Source data>
|---|
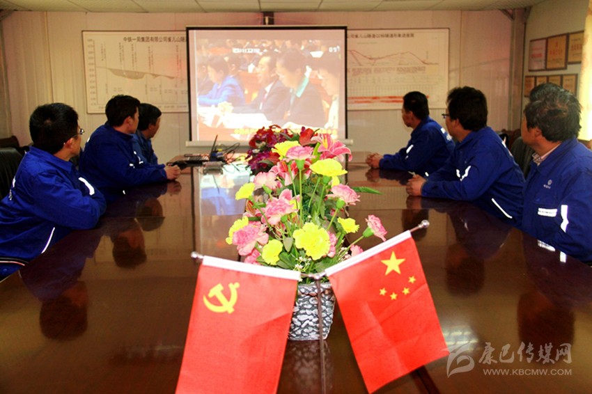 負(fù)責(zé)雀兒山隧道施工的中鐵一局干部職工正在收看開幕大會(huì)直播。
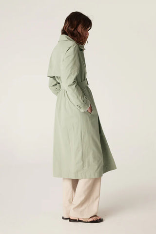 The Luna Trench features a regular fit with raglan sleeves and a classic double-breasted button closure. Designed with chest flap detailing, front welt pockets, and a back pleat, it combines timeless style with practicality. A matching fabric belt with a buckle and adjustable cuff straps complete this versatile piece.
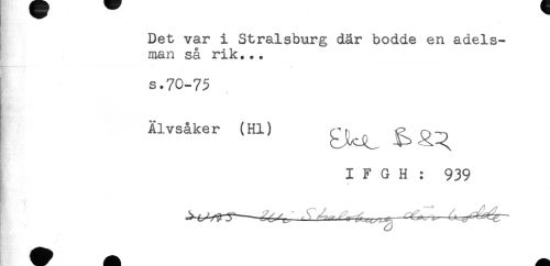 //// Det var i Stralsburg där bodde en adels- //// ! man så rik... //// - //// s.70-75 //// Mvsåker (Hl) ^ ^^ //// K //// I F G H : 939 ////
|---|
Instructions to follow>
Exactly those lines that run from the line holding "The Luna Trench" to the end of the listing above, both included, are to be reproduced, with pictures left out.

Response to the exercise>
 The Luna Trench features a regular fit with raglan sleeves and a classic double-breasted button closure. Designed with chest flap detailing, front welt pockets, and a back pleat, it combines timeless style with practicality. A matching fabric belt with a buckle and adjustable cuff straps complete this versatile piece.
 //// Det var i Stralsburg där bodde en adels- //// ! man så rik... //// - //// s.70-75 //// Mvsåker (Hl) ^ ^^ //// K //// I F G H : 939 ////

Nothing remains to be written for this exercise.